Exercise goal
With the exception of the pictures, write out the data below precisely.

Dataset excerpt
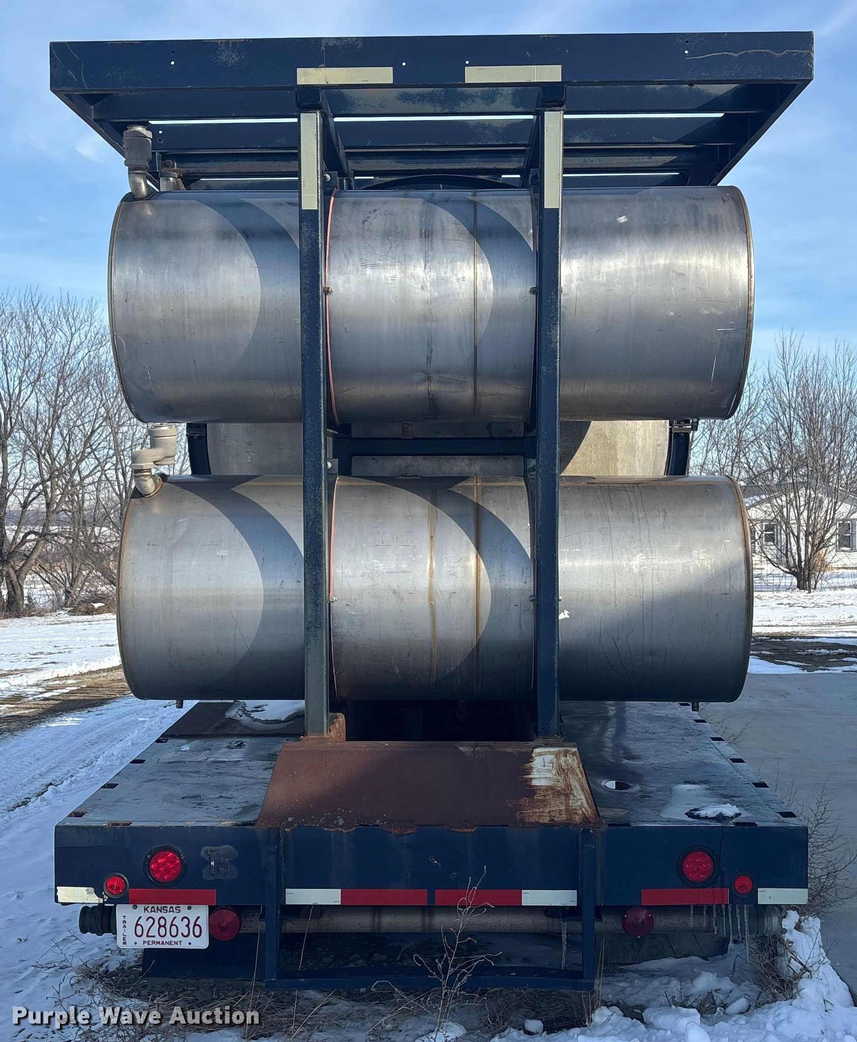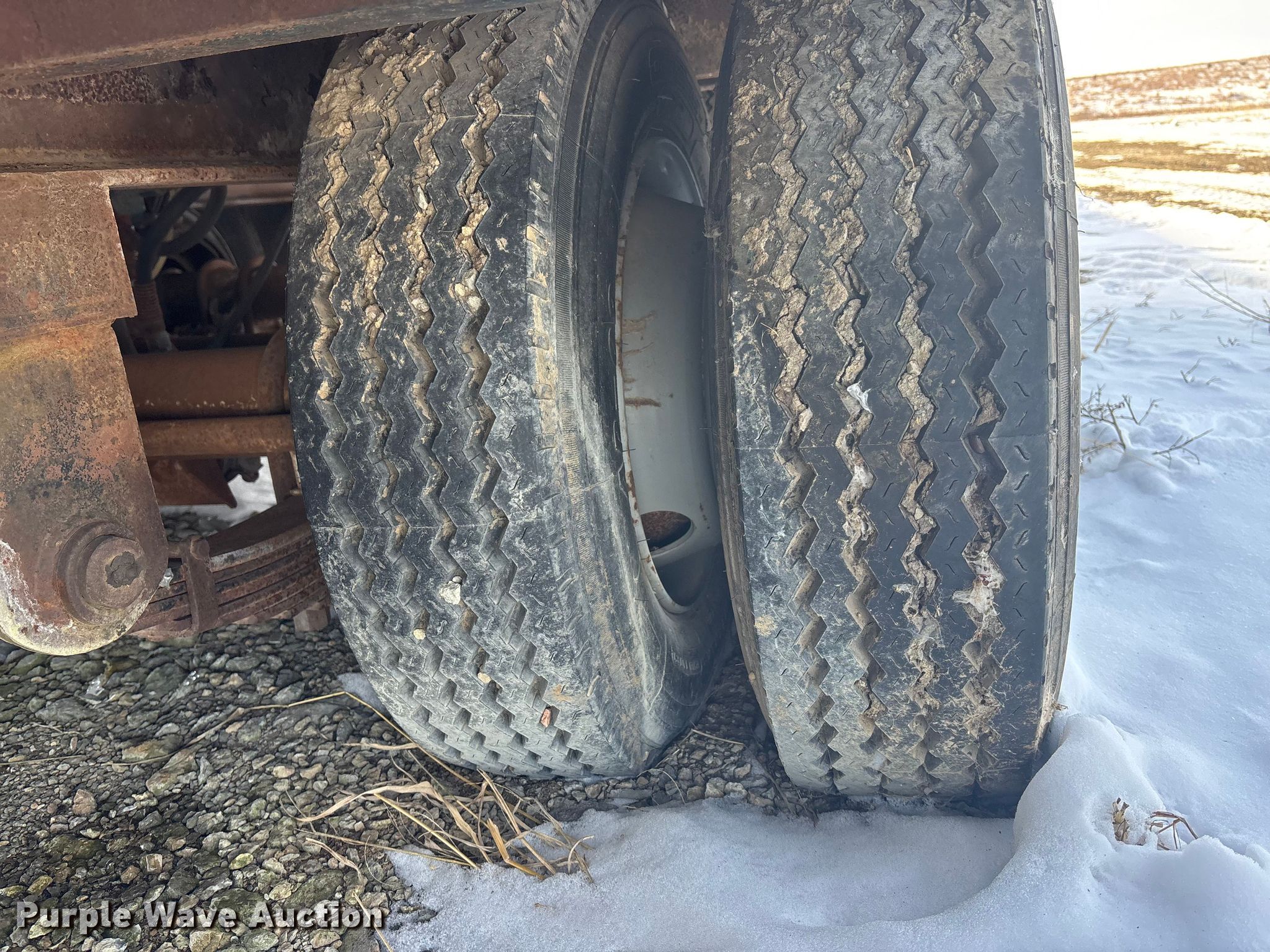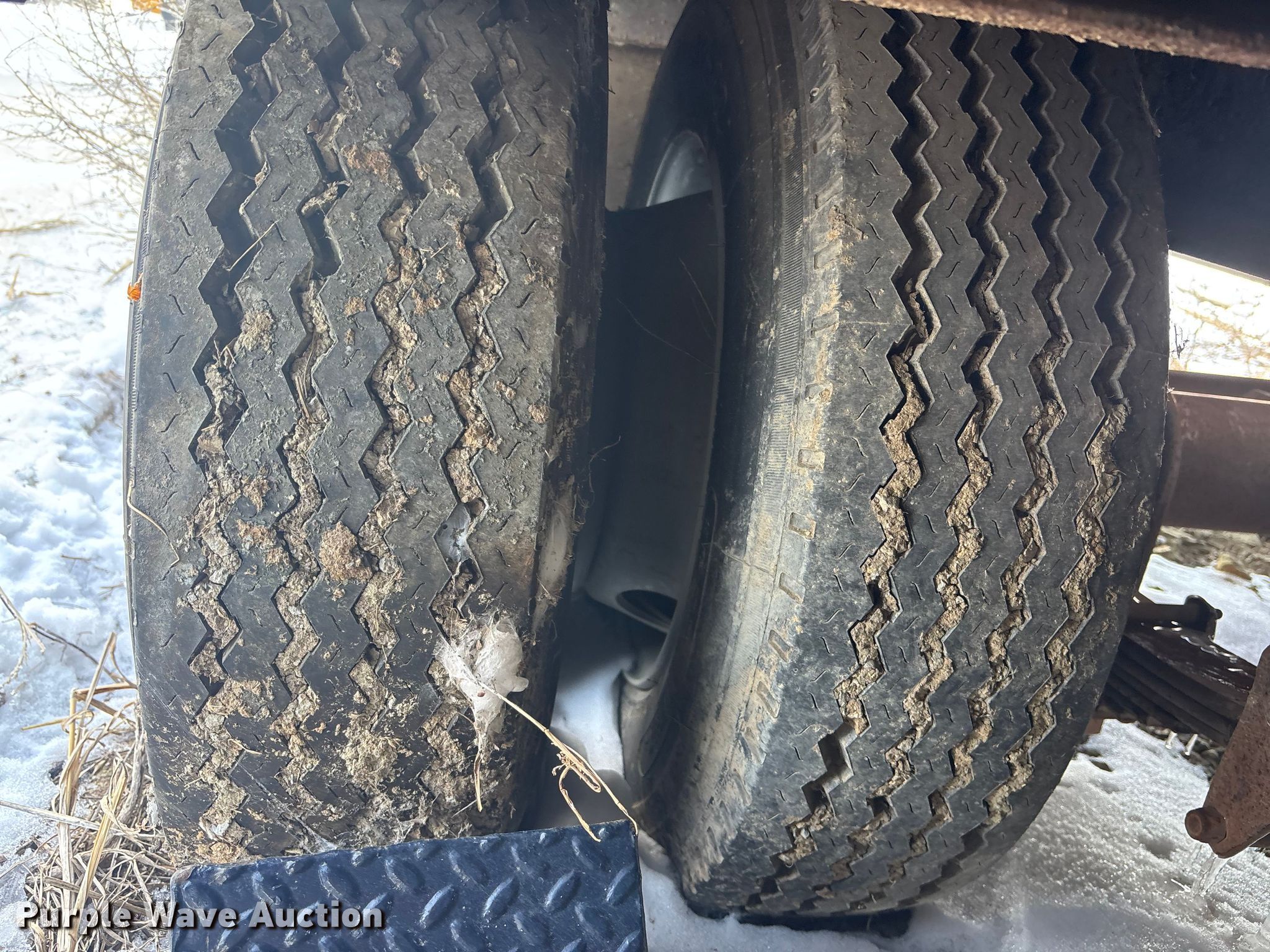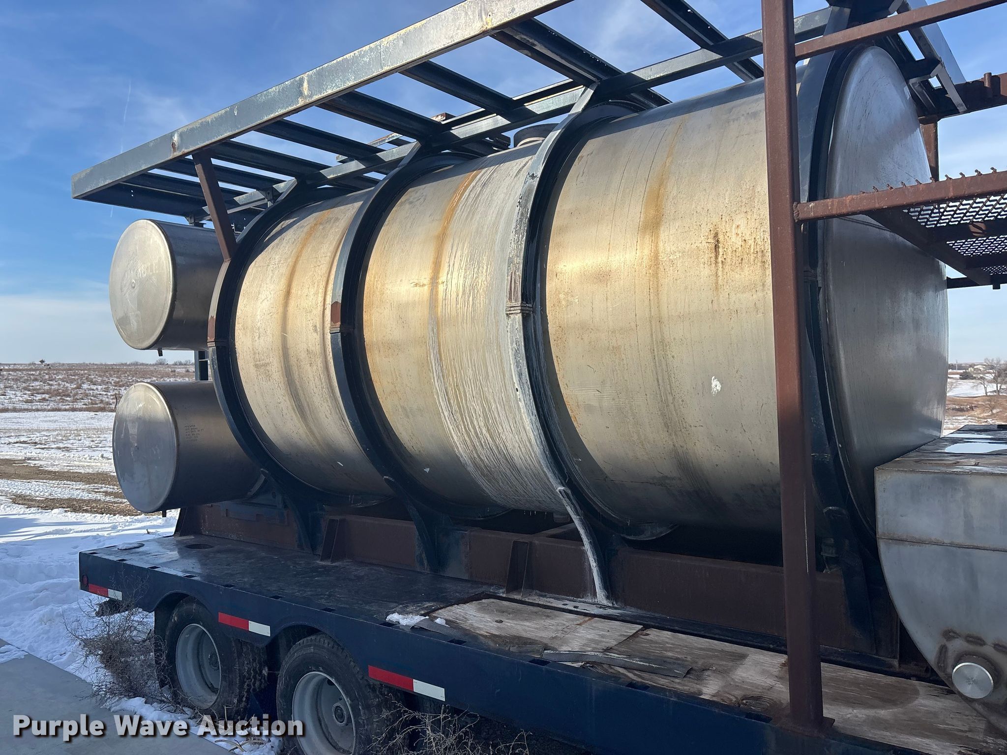 1961 Stan LB32 mixing trailer. VIN: 2973. Dimensions Overall Length: 33', Width: 96", Deck Length: 33'. Features Deck type: Steel, Wood, Approx. tank capacities: 400 gallons, 3000 gallons, 316 gallons each. Chassis Landing gear: Dual, Suspension: Spring, Brakes: Electric, Axles: Tandem. Tires Steel wheels, Size: 235/75R17.5. Kansas title. Title distribution may be delayed up to 14 days from verification of funds. Sky Copters Inc... Westmoreland, KS 66549
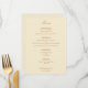 Stylish Cream Beige Wedding Menu, please personalise as required using the online Personalisation template before ordering. Once you have entered your wording onto the Personalisation template, should you find that you need to adjust the positioning of the text then please use the "Edit using Design Tool" option (the button is available by scrolling down in the Personalisation template). An elegant menu featuring stylish text in a golden shade of beige (faux gold / gold look) on a cream background.
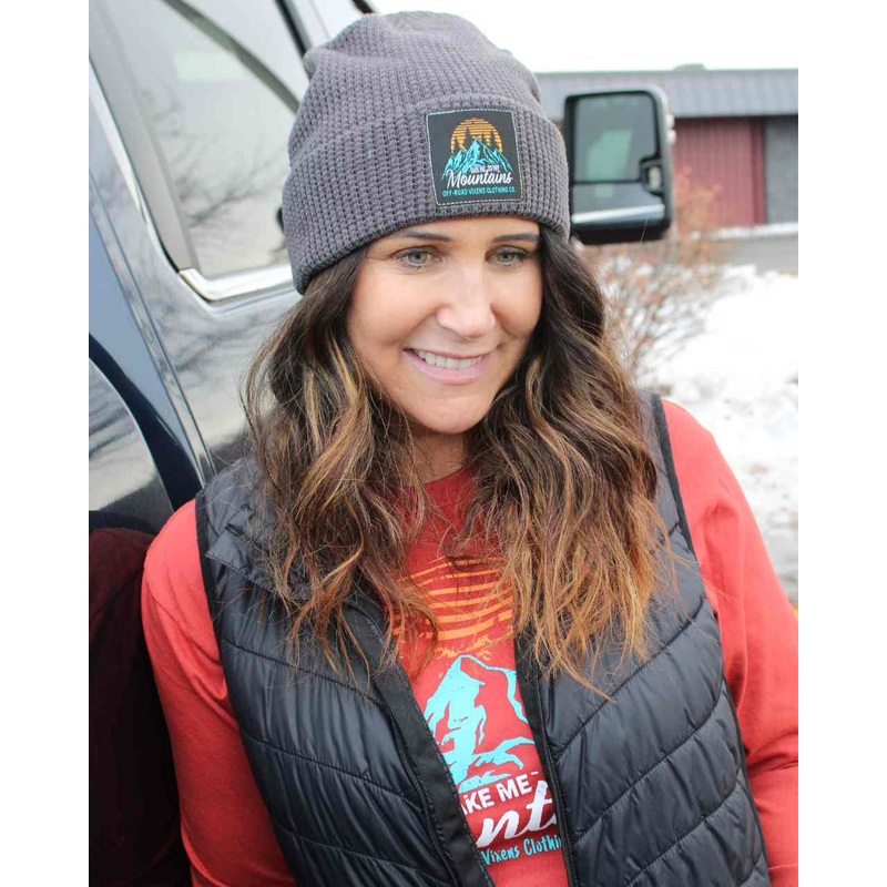 Our popular Mountain Time design on our custom dark gray waffle knit beanie. Perfect beanie for after those long snowmobile, dirt scoot, or SxS rides.
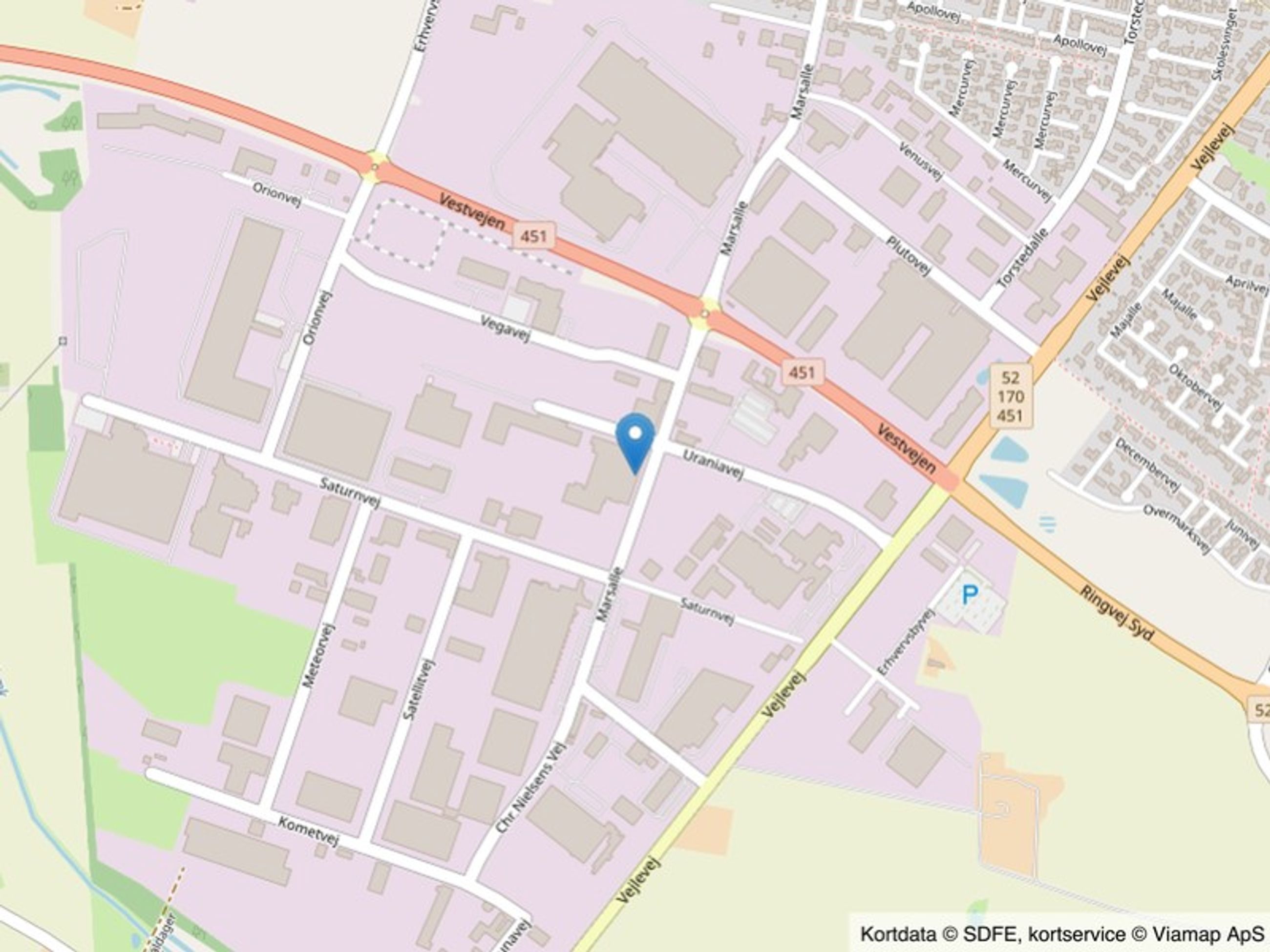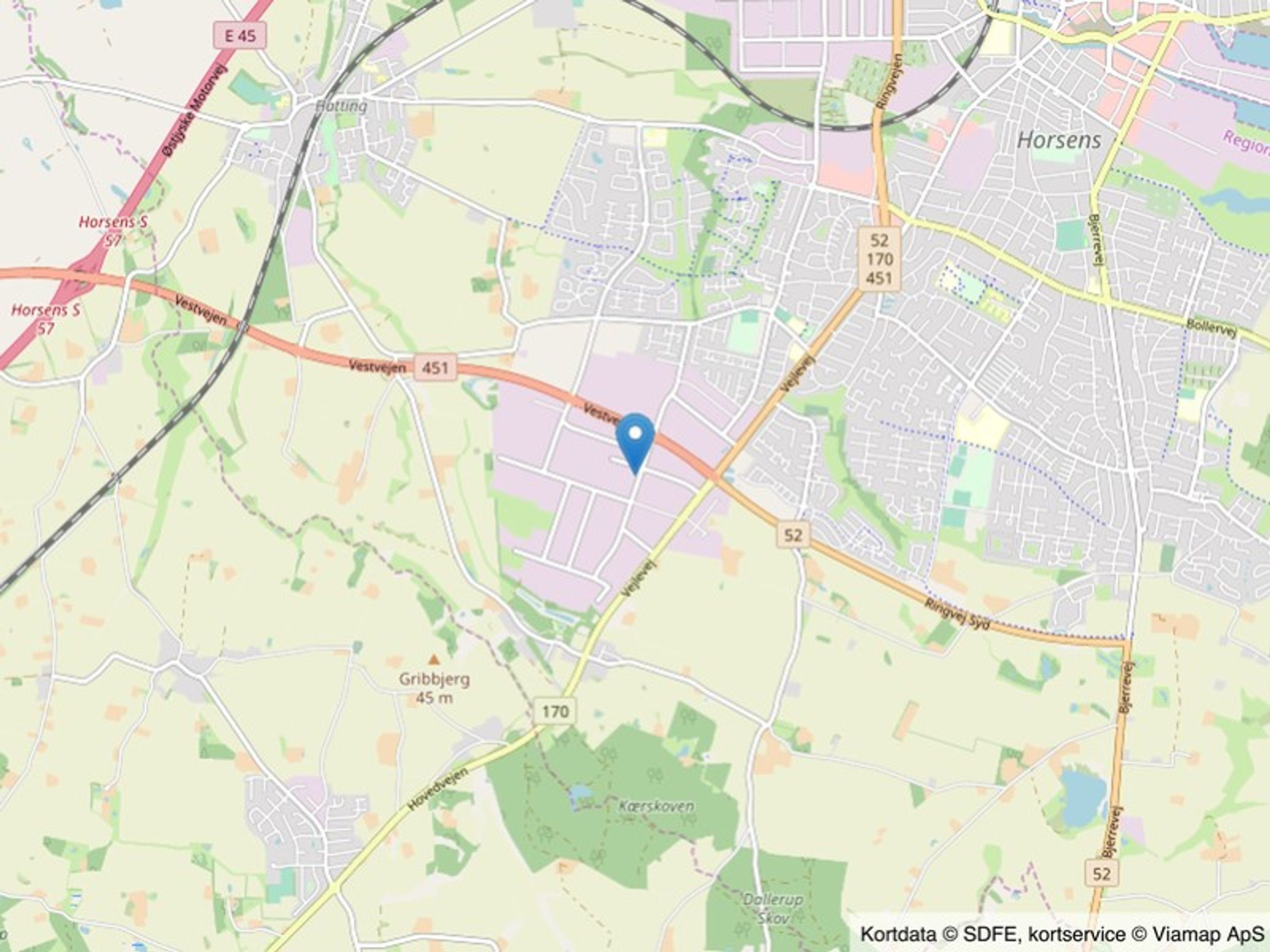 2 lagerhaller med god beliggenhed i industriområde Horsens Syd i umiddelbar nærhed af Vestvejen og Vejlevej, ca. 4 km fra motorvejstilslutning og ca. 5 km fra Horsens midtby.

Written response
 1961 Stan LB32 mixing trailer. VIN: 2973. Dimensions Overall Length: 33', Width: 96", Deck Length: 33'. Features Deck type: Steel, Wood, Approx. tank capacities: 400 gallons, 3000 gallons, 316 gallons each. Chassis Landing gear: Dual, Suspension: Spring, Brakes: Electric, Axles: Tandem. Tires Steel wheels, Size: 235/75R17.5. Kansas title. Title distribution may be delayed up to 14 days from verification of funds. Sky Copters Inc... Westmoreland, KS 66549
 Stylish Cream Beige Wedding Menu, please personalise as required using the online Personalisation template before ordering. Once you have entered your wording onto the Personalisation template, should you find that you need to adjust the positioning of the text then please use the "Edit using Design Tool" option (the button is available by scrolling down in the Personalisation template). An elegant menu featuring stylish text in a golden shade of beige (faux gold / gold look) on a cream background.
 Our popular Mountain Time design on our custom dark gray waffle knit beanie. Perfect beanie for after those long snowmobile, dirt scoot, or SxS rides.
 2 lagerhaller med god beliggenhed i industriområde Horsens Syd i umiddelbar nærhed af Vestvejen og Vejlevej, ca. 4 km fra motorvejstilslutning og ca. 5 km fra Horsens midtby.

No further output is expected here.